With the fishermen and the life on the river, the beautiful barges with their own life on board, the tugs with their smokestacks that folded back to pass under the bridges, pulling a tow of barges, the great plain trees on the stone banks of the river, the elms and sometimes the poplars, I could never be lonely along the river. With so many trees in the city, you could see the spring coming each day until a night of warm wind would bring it suddenly in one morning. Sometimes the heavy cold rains would beat it back so that it would seem that it would never come and that you were losing a season out of your life. This was the only truly sad time in Paris because it was unnatural. You expected to be sad in the fall. Part of you died each year when the leaves fell from the trees and their branches were bare against the wind and the cold, wintry light. But you knew there would always be the spring, as you knew the river would flow again after it was frozen. When the cold rains kept on and killed the spring, it was as though a young person had died for no reason.
A Moveable Feast truly set the stage for our Paris experience later that year. We saw Hemingway’s house, made two pilgrimages to Shakespeare and Company, picnicked by the Seine, saw a sunset that made people drop everything they were doing to flock to the bridges — and we saw all the light of the city and what it meant to be in love and to have friends there. Hemingway also influenced the rest of our stay in DC, making us see more paintings, beguiling us to the George and Ira Gershwin exhibition at the Library of Congress, and sending us to F Scott Fitzgerald’s resting place at Rockville. I wouldn’t have done any of this if not for Tobias Wolff and the stars were now well and truly aligned.
Now, rereading A Moveable Feast, I realise how much the promise of Europe meant to my first read. There was some anticipation, a sense of knowing that such beauty was within reach, that gave it more colour. This reread, on the other hand, is tinged with longing. I also know what happened to Hemingway and Hadley, which makes it slightly sadder. It is not the unabashed love letter to Paris that I remember.
Hadley and I had become too confident in each other and careless in our confidence and pride. In the mechanics of how this was penetrated I have never tried to apportion the blame, except my own part, and that was clearer all my life. The bulldozing of three people’s hearts to destroy one happiness and build another and the love and the good work and all that came out of it is not part of this book. I wrote it and left it out. It is a complicated, valuable and instructive story. How it all ended, finally, has nothing to do with this either. Any blame in that was mine to take and possess and understand.
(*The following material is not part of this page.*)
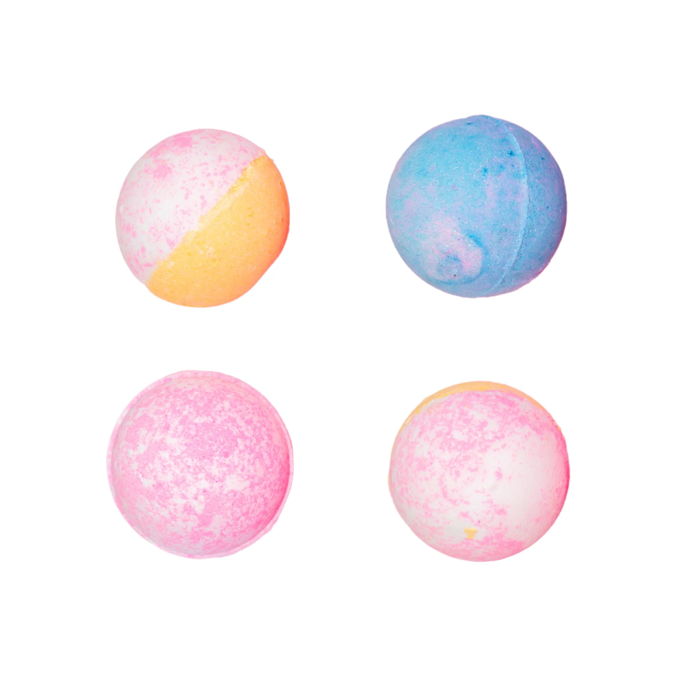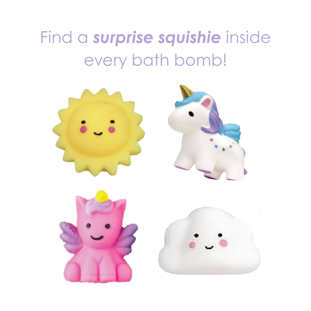 Nourishing, natural, extra-fizzy bath bombs! This 4pcs set of 5.5 oz bath bombs comes complete with 1 surprise squishie inside each bomb!

Hemingway was by no means a role model. He was as deeply flawed as any of us and held outdated notions of masculinity. He had his prejudices and didn’t shy away from airing them. In this, I continue to be intrigued; I don’t read every scrap about the Lost Generation with the fervour that had seized me then, but with a more mellow kind of attraction that has had four years to take root and grow. Their pain is almost personal: what was it like to fight a war, recover and grow giddy in Paris, struggle with relationships, see more economic hardship, then another war? Yet, their friendships seemed strong and their love boundless.
Even as I finish the last of the Paris sketches in the book, there is a void in my heart that will be a massive gaping hole tomorrow. I will nurse it quietly and sink my sorrows in a bottle of green nail polish with absinthe in its name.
PS. I wrote this post to the accompaniment of George Gershwin’s piece An American in Paris, give it a listen if you please.